I don't know what your hill is, but mine is physical energy.

And my frustration is finding time to do all of the things I need to do in a day.

Just 1/2 hour ago, I was talking with my bestie. It had started off with a series of long messages I blasted off to her asking her to pray for wisdom, because I can't keep doing what I'm doing.

Folks, I get up at 4:30 in the morning (and I am sharing that for a specific reason).

Now - there have been seasons when I moved my alarm back - or even shut it off. Seasons when I've been in a crash - when I barely got through my day.

And as soon as I felt better, my alarm would go right back to getting up at 4:30.

As if I couldn't see the pattern.

Well, I could - I just didn't want to acknowledge it.

About 1/2 hour later, I went back and deleted those messages I sent off - because the wisdom came in short order, and I was excitedly sharing with her that God had revealed to me how it would work...and part of this chapter came to mind, "In vain you rise early..."

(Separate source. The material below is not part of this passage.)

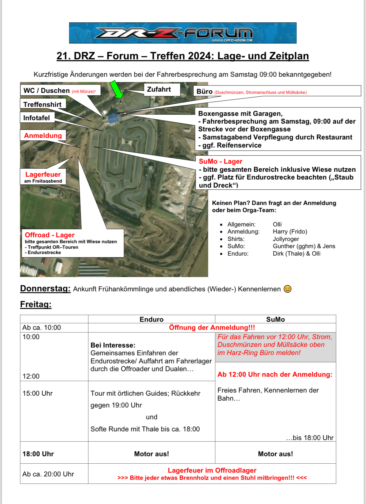 Bitte die Änderung beachten, dass die Samstagsparty etwas später startet, damit alle in Ruhe von der Offroadtour zurückkommen und die Supermoto Fahrer sich ohne Stress umziehen und duschen gehen können.

So, when I was done with my message - I looked it up - and realized that the whole chapter was about me and my current situation.

I get up early to have time to get my work done before my kids get up and we start on school.

But I'm so fatigued from forcing my body into an unnatural schedule that I'm not efficient at all.

In fact, while talking with her, it occurred to me that getting up early was most certainly in vain because it was counterproductive. I was getting less done in more time because the brain fog was so bad and the fatigue so overwhelming, I couldn't get my work done like I normally would.

And the biggest reason why I wanted to get my work done early was so I can spend time with my kids apart from just being their teacher.

But I end up such a zombie, that I don't really get that quality time I'd like.

The Lord wants to build this house, but He has to get me and my type-A, take-charge, take-over, bossy, over-planning self out of the way first!